- [The problem]
Although the records contain pictures, none belong in the copy: restate word for word only the lines from the one with "Wij denken dat" through the one with "자기소개서 (운전직) |", both included.

=== Extracted information ===

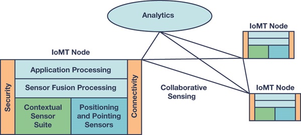 运动物联网节点输出的有效性和价值最为依赖的是核心传感器的质量以及它们高保真地捕捉应用情境的能力。因此,融合处理是传感器校正/增强的必然选择,也是理想捕捉传感器间状态动态的必备条件(例如,在任意给定时间点,哪个传感器最可靠)。应用级的处理以分层方式融入解决方案之中,并根据环境特点进行优化,包括适当的边界条件。虽然这种方式是自动的,但在有些情况下,这些节点会协同工作,比如在地面或空中成群的无人驾驶交通工具中。在这些情况下会部署安全链路,强调可靠传输和受保护的特有身份信息,如图2所示。
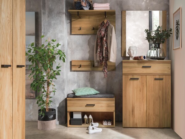 Wij denken dat u de voorkeur moet geven aan massief hout voor garderobemeubelen. De gang is het eerste wat mensen opvalt aan uw 4 muren. Een kast van echt hout straalt warmte en gezelligheid uit en heet uw gasten vriendelijk welkom. Het geeft uw entree en daarmee uw huis een natuurlijke en huiselijke uitstraling. Een kapstok van natuurlijk hout hoeft niet rustiek te zijn. Echt hout is niet alleen geschikt voor landhuizen. Massief hout is flexibel en past zich aan uw woonstijl aan. Als u zoekt naar "massief houten kastmeubelen", vindt u kasten in alle stijlen - meubels die rustiek, klassiek, modern, in landhuisthema of industriële stijl met metaal zijn. Uw perfecte massief houten kast zit er zeker bij.
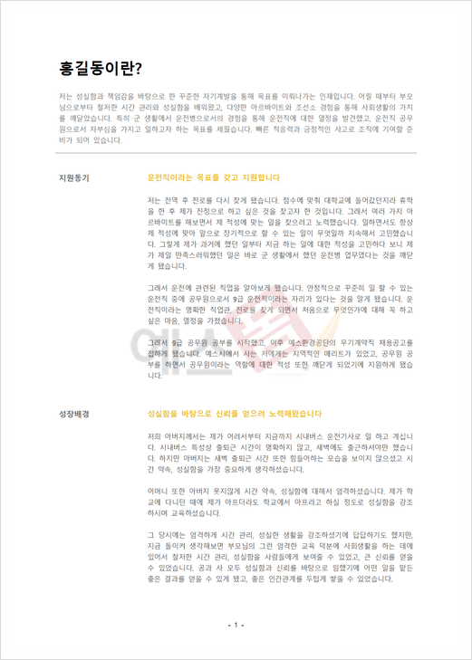 | 공무원 자기소개서 (운전직) |
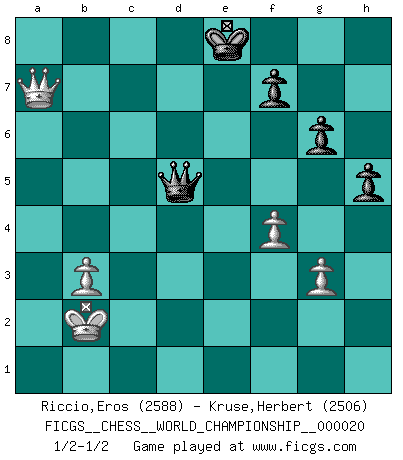 Last move : 1/2-1/2 2021 September 3 0:33:51 [Event "FICGS__CHESS__WORLD_CHAMPIONSHIP__000020"] [Site "FICGS"] [Date "2021.07.11"] [Round "7"] [White "Riccio,Eros"] [Black "Kruse,Herbert"] [Result "1/2-1/2"] [WhiteElo "2588"] [BlackElo "2506"] 1.e4 c5 2.Nc3 d6 3.d4 cxd4 4.Qxd4 Nc6 5.Qd2 g6 6.b3 Bh6 7.f4 Nf6 8.Bb2 O-O 9.O-O-O e5 10.g3 Re8 11.Kb1 Nd4 12.Qg2 Bg4 13.Be2 Nxe2 14.Ngxe2 exf4 15.gxf4 Bxe2 16.Nxe2 Nxe4 17.Ng3 d5 18.Rhe1 Nxg3 19.Rxe8+ Qxe8 20.hxg3 Qe4 21.Qf2 Bg7 22.Re1 Qb4 23.a3 Qa5 24.Bxg7 Kxg7 25.Qd4+ Kg8 26.Re7 Qxa3 27.Rxb7 Re8 28.Qd2 Qc5 29.Kb2 Re6 30.Rd7 Rd6 31.Rxd6 Qxd6 32.Qd4 h5 33.c4 Kf8 34.cxd5 Ke8 35.Qxa7 Qxd5 1/2-1/2 Sicilian : Closed Kingside Castling by player Black (move 8) Queenside Castling by player White (move 9) 10 pieces endgame at move 35 : White KQPPP , Black KQPPP WHITE : King + 1 Queen 3 Pawns BLACK : King + 1 Queen 3 Pawns This chess game ended in a draw. Follow this game move after move (download)There are two classes of men; those who are content to yield to circumstances and who play whist; those who aim to control circumstances, and who play Chess. (Mortimer Collins) Ein unbeabsichtigtes Patt ist der Gipfel der Dummheit. (Anonymous) El poder defensivo de una pieza clavada, solamente es imaginario. (Aaron Nimzovich) Le génie consiste à savoir transgresser les règles au moment opportun. (Teichmann) There's no money in correspondence chess. (John Knudsen)
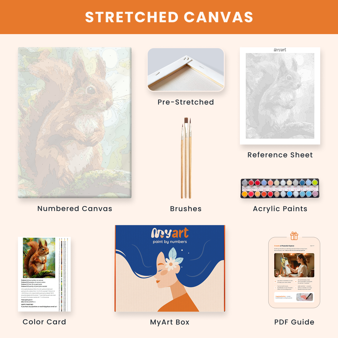 - Premium acrylic paint set (pre-mixed and numbered)
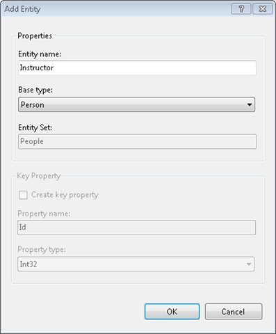 Klikněte na OK. Návrhář vytvoří entitu Instructor , která je odvozena z Person entity. Nová entita ještě nemá žádné vlastnosti.
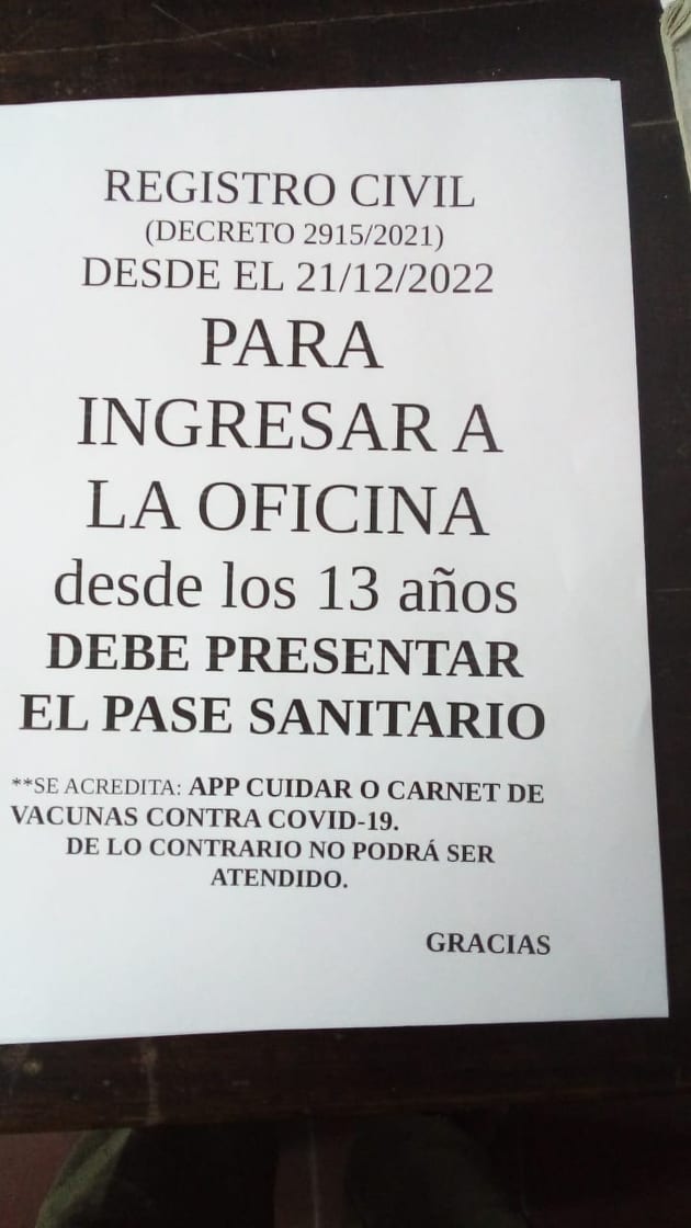 El Registro Civil de la ciudad de San Justo comunica que, desde este martes 21 de diciembre se exigirá el pase sanitario a toda persona a partir de los 13 años que concurra a realizar un trámite presencial a sus oficinas, conforme lo establece el Decreto Provincial N° 2915, de lo contrario no será atendido.
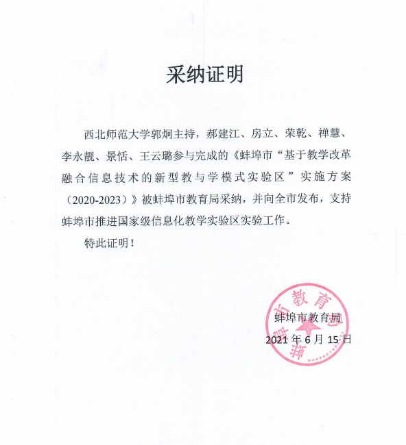 “方案”于2021年1月被蚌埠市教育局采纳,作为全市“基于教学改革融合信息技术的新型教与学模式实验区”实验工作的指导性、纲领性文件全文印发(蚌教电【2021】1号),为后期实验区各项任务有序推进、实验创新探索高质高效开展提供了目标指向与实施路径,为全市“基于教学改革融合信息技术的新型教与学模式”实验区工作开展提供了切实指导。
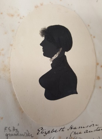 The Butler Harrisons had ten children, who all lived to adulthood. Silhouettes of Elizabeth, John, and their children were in the collection of their great-grand-daughter Helena Austen Harrison, which was donated to the Southampton Archives. The image of Elizabeth Matilda, Jane Austen’s goddaughter, was prominently displayed in the exhibition. In 1814 Elizabeth Matilda married her cousin the Reverend William Austen in St. Mary’s Church, Southampton. Jane’s mother wrote to her granddaughter Anna Lefroy about the generous distribution of Bride-Cake (Govas 35). The couple traveled into Sussex, where William was the incumbent of Horsted Keynes.
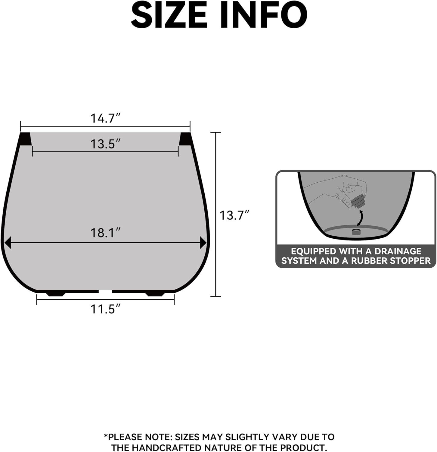 Ample Planting Space – Generously dimensioned to offer ample room for healthy plant development, this planter is ideal for a diverse range of plants, from trees and shrubs to succulents and flowers. Its spacious interior ensures that roots have plenty of space to grow, while its versatility makes it a perfect addition to both gardens and home settings, enhancing any space with lush greenery.
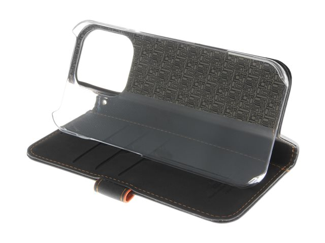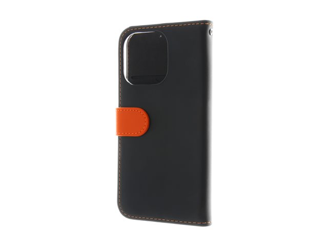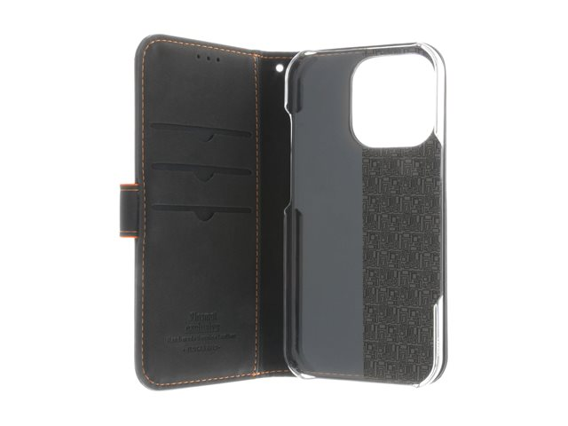 ægte læder, karton+papir+aluminiumsfolie, polycarbonat (PC), bomuldssyninger - sort/orange - for Apple iPhone 16 Pro
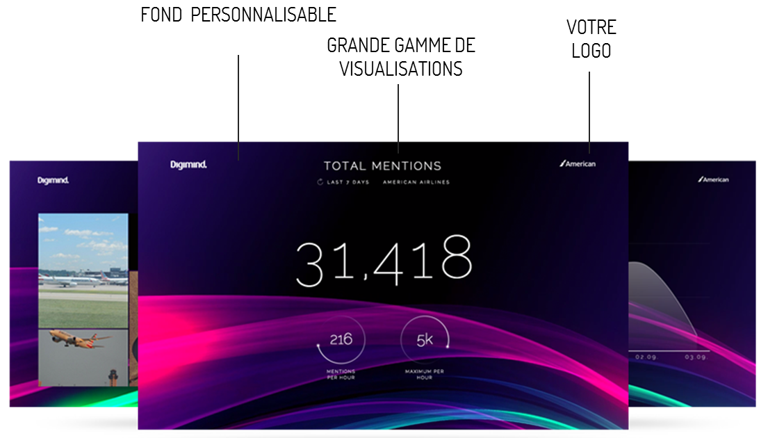 Les Social Media Commande Center Digimind sont entièrement paramétrable : vous choisissez vos sujets et vos types de visualisations.

===

- [Worked solution]
 Wij denken dat u de voorkeur moet geven aan massief hout voor garderobemeubelen. De gang is het eerste wat mensen opvalt aan uw 4 muren. Een kast van echt hout straalt warmte en gezelligheid uit en heet uw gasten vriendelijk welkom. Het geeft uw entree en daarmee uw huis een natuurlijke en huiselijke uitstraling. Een kapstok van natuurlijk hout hoeft niet rustiek te zijn. Echt hout is niet alleen geschikt voor landhuizen. Massief hout is flexibel en past zich aan uw woonstijl aan. Als u zoekt naar "massief houten kastmeubelen", vindt u kasten in alle stijlen - meubels die rustiek, klassiek, modern, in landhuisthema of industriële stijl met metaal zijn. Uw perfecte massief houten kast zit er zeker bij.
 | 공무원 자기소개서 (운전직) |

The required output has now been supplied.